Witzig finde ich, was ich auf Kordons Webseite über eines seiner Bücher gelesen habe:
Es geht um das Buch "Jinbal von den Inseln".

Zitat
Ein Märchen, das von Jinbal und ihrer Zivilcourage handelt, spannend und humorvoll erzählt, wie man es von Klaus Kordon kennt. Mit vielen großartigen und märchenhaften Bildtafeln von Peter Knorr, einem Meister seiner Zunft, dem es aufs Schönste gelingt, die Atmosphäre des Orients einzufangen.

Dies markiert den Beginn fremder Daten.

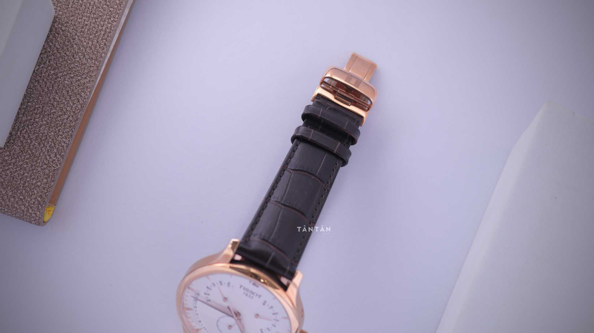 Kết hợp cùng theo đó là khóa cân bằng thường thấy trên những mẫu đồng hồ Tissot nam dây da cao cấp. Điểm mạnh của khóa cân bằng là sự gọn gàng, chắc chắn giúp bộ dây đeo ôm trọn lấy cổ tay. Thêm vào đó, mặt khóa cũng được cắt gọt với những đường cong mềm mại và khắc chìm logo chữ T đầy tinh tế.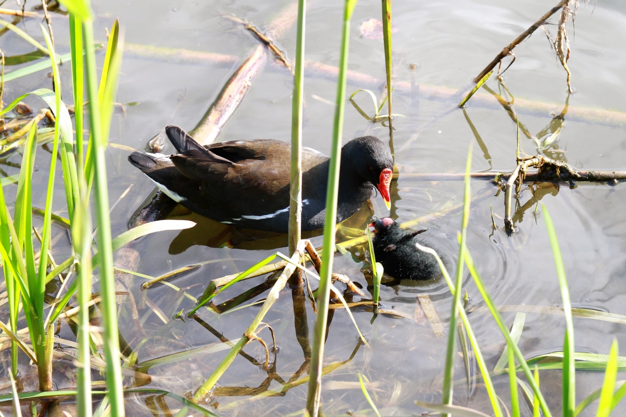 At the Pit, mallards have been very successful and at least three broods of 8, 6, and 5 ducklings have been seen. Reports of over 16 ducklings with a single mum have been seen on the canal, but predation is very likely, so numbers will often drop dramatically overnight. We’ve also seen the extraordinary pairing of a Canada with a greylag goose at the Pit. They were clearly doing a mating display when I last saw them, but at the time of writing they have disappeared, to be replaced by a pair of Canada Geese. A baby moorhen was seen being fed by mum, but no sign of any baby coots yet.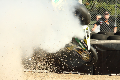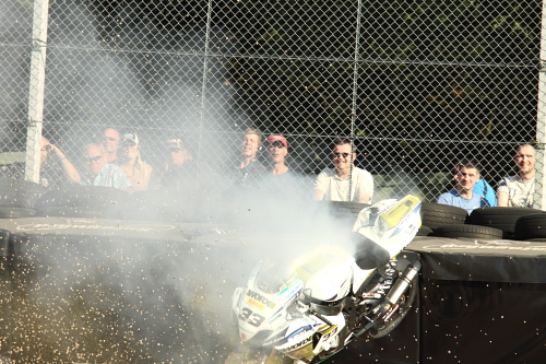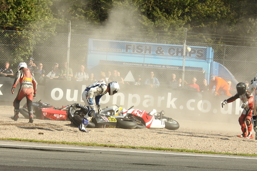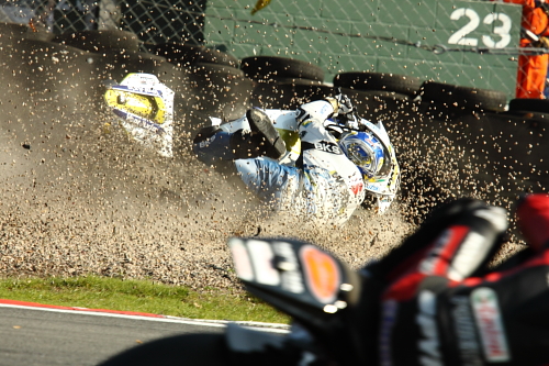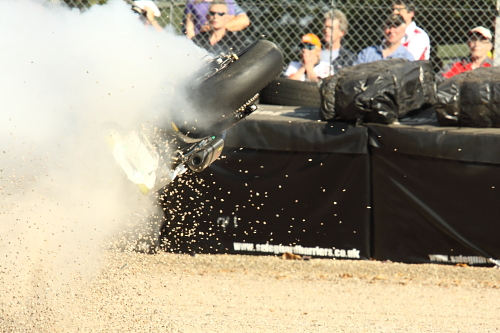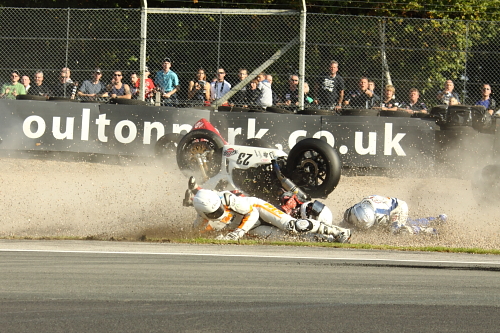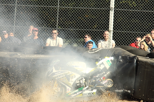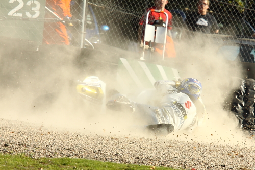 Hill, now well out of the points worked his way through the field, but upon returning to Lodge Corner on the following lap found he had no front brake, & travelling at some speed decided to ditch his machine. Hill’s bike bounced several times before catching fire in the perimeter padding. The following rides, Zanoti, Burns, Seaton & Pekkanen slid through the debris & smoke, & the Race got Red Flagged.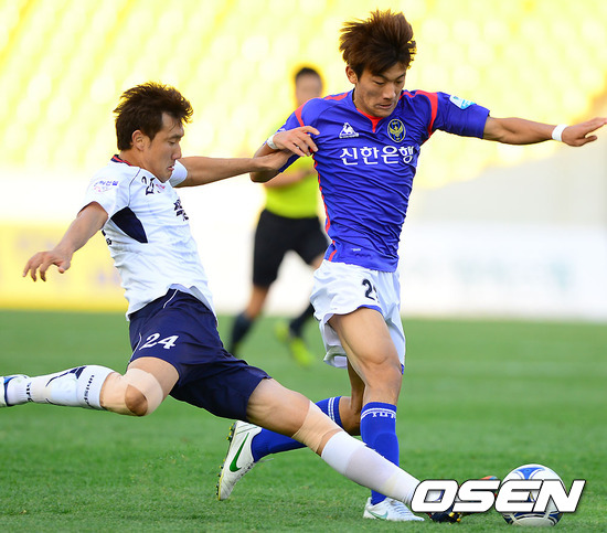 3일 오후 경기 성남 탄천종합운동장에서 열린 '현대오일뱅크 K리그 2012 성남 일화와 인천 유나이티드의 경기 후반 인천 한교원이 성남 황재원의 태클을 피해 드리블하고 있다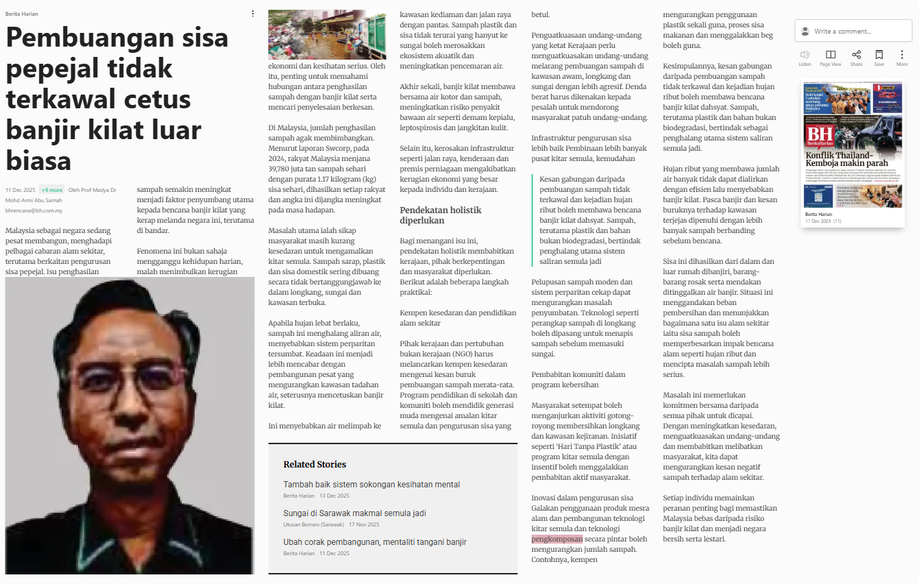 Prof Madya Dr Mohd Armi Abu Samah (2025) Pembuangan sisa pepejal tidak terkawal cetus banjir kilat luar biasa. Berita Harian. |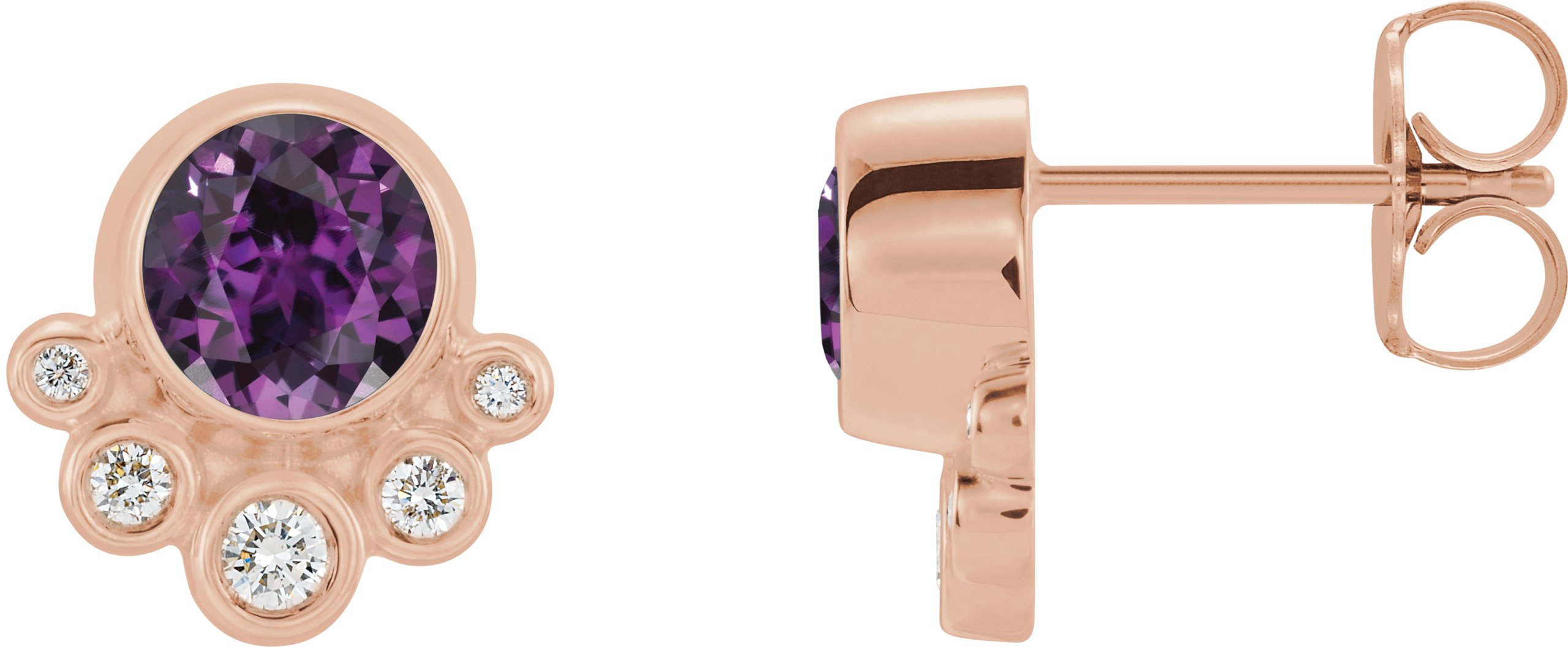 14K Rose Chatham Created Alexandrite & 1/8 CTW Diamond Earrings

Eine märchenhafte Geschichte von einem klugen und mutigen Mädchen namens Jinbal

Dazu der Klappentext:
Zitat
Wer es schafft, die traurigen Inseln von ihrer Traurigkeit zu erlösen, dem hat der Kalif einhundert Goldstücke versprochen. Doch keiner der Fischer in der Hafenstadt will es wagen. Denn es heißt, ein riesiges Meerungeheuer bewache die Insel. Eines Tages jedoch setzt ein Mädchen die Segel - Jinbal, die von allen als Hinkepink verspottet wird, weil sie von Geburt an hinkt. Die Not treibt sie aufs Meer hinaus. Jinbal erreicht die traurigen Inseln und lernt dort Murat kennen. Bei ihm wird sie bleiben und mit ihm leben. Nur ein einziges Mal möchte sie noch zurück in die Hafenstadt. Doch inzwischen weiß sie, dass es Meeresungeheuer gar nicht gibt und dass die Inseln seit Jahrhunderten von den Kalifen ausgeplündert werden. Ihr Wissen bringt Jinbal in große Gefahr.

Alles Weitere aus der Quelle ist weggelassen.